Financial risk for any farming or livestock operation stretches into all 4 of the prior categories. During his presentation, Ross referred to this category as “all of the above”! You’ll need to consider: 

  • Your break-even – what prices can you accept to simply recoup your investments? 
  • Your cost of capital
  • The risk of capital for operational adjustments (i.e. hiring staff, letting go of staff, prioritizing genetics, etc.)
  • Return on investments for operational shifts (i.e. how much are you spending to make changes, and how much do you expect those changes to bring in?)

Risk Management Strategies

Now that you know how to evaluate your areas of risk, let’s review some strategies that you can implement to effectively manage them. Bronson separates strategies that he recommends into the obvious and the less obvious. 

Obvious Risk Management Strategies

According to Ross, some obvious risk management strategies include hedging, forward contracting, careful financial planning, and insurance products like Livestock Risk Protection (LRP) or Livestock Gross Margin (LGM) insurance. 

Less Obvious Risk Management Strategies

Ross noted that some lesser-known risk management strategies include taking up a “buy low, sell high” mentality when selling females, retaining ownership of your cattle, and end-user marketing (consider going DTC to hold onto more of the consumer dollar). 

He also mentioned taking measures to improve your weaning rates. Ross shared that an 85-90% increase in weaning rates can contribute to about $5,500 in extra revenue for a cow/calf operation, which he recommends you reinvent into improving your infrastructure. 

Lastly, Ross also recommends diversifying your operation to spread out risk. This could include incorporating companion grazing animals or harvesting a cover crop. If you’re interested in diversification, you may want to consider learning more about regenerative agriculture. 


We’ll wrap it up by saying this: there are a lot of unexpected variables in any agricultural operation, but cattle market declines are not one of them. Cattle prices will dip again, and when they do, a risk management plan can empower you to not only manage them, but also take advantage of them, and prepare for the next upswing.

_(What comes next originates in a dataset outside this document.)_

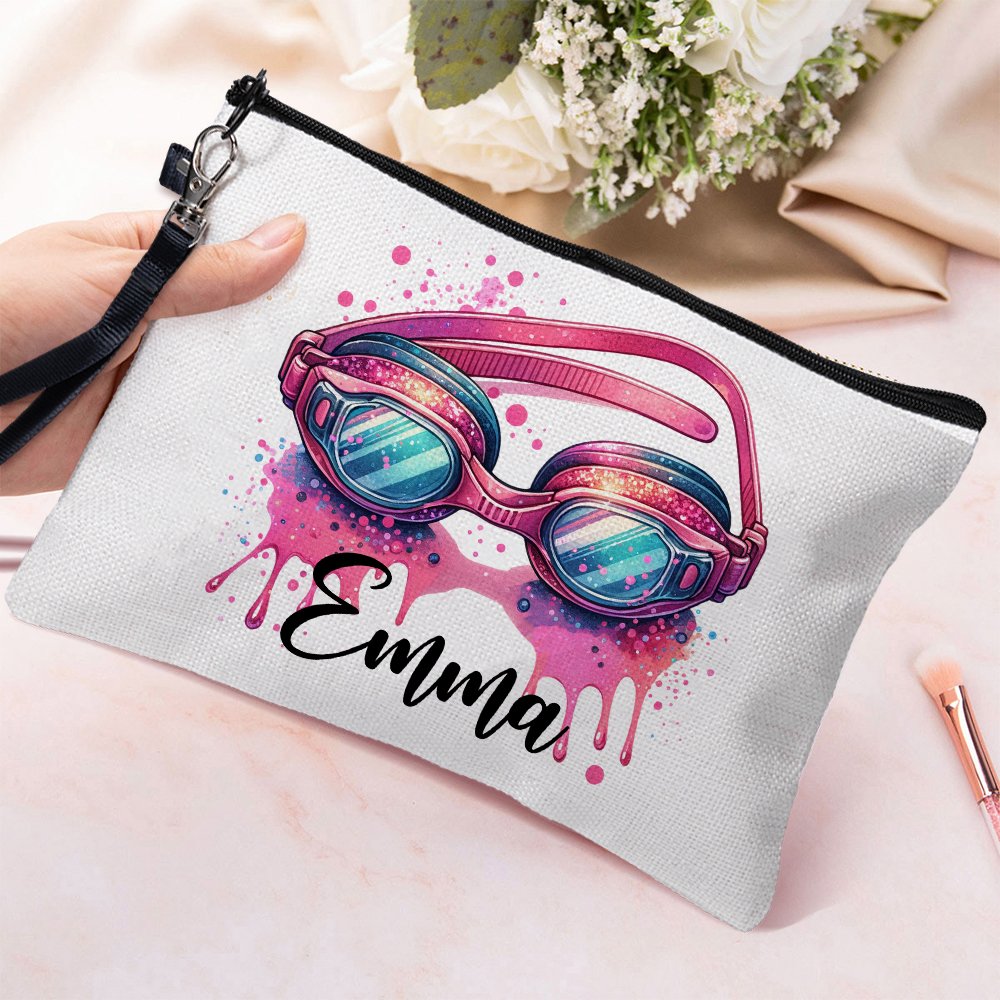 The cosmetic bag features a pink swimming glasses pattern and you can add the recipient's name, adding a personal touch and making it truly one-of-a-kind.
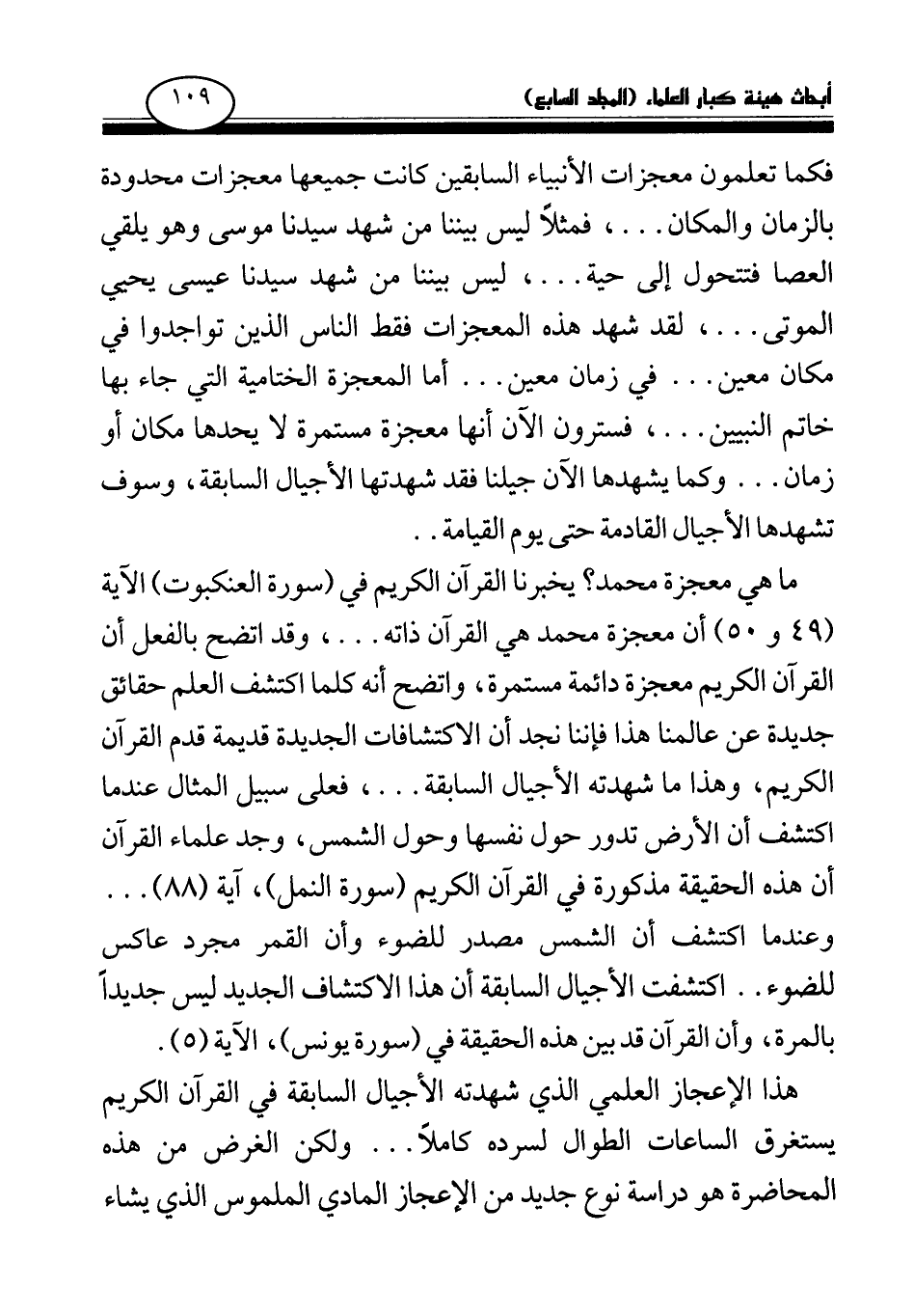هذا الإعجاز العلمي الذي شهدته الأجيال السابقة في القرآن الكريم يستغرق الساعات الطوال لسرده كاملا ... ولكن الغرض من هذه المحاضرة هو دراسة نوع جديد من الإعجاز المادي الملموس الذي يشاء

*The article above is based on Ross Bronson’s presentation “Are You Ready For The Inevitable Shift In The Cattle Market?” given at the Illinois Cattlemen Connect Education Series. 

  1. Kusev P, Purser H, Heilman R, Cooke AJ, Van Schaik P, Baranova V, Martin R, Ayton P. Understanding Risky Behavior: The Influence of Cognitive, Emotional and Hormonal Factors on Decision-Making under Risk. Front Psychol. 2017 Feb 1;8:102. doi: 10.3389/fpsyg.2017.00102. PMID: 28203215; PMCID: PMC5285332.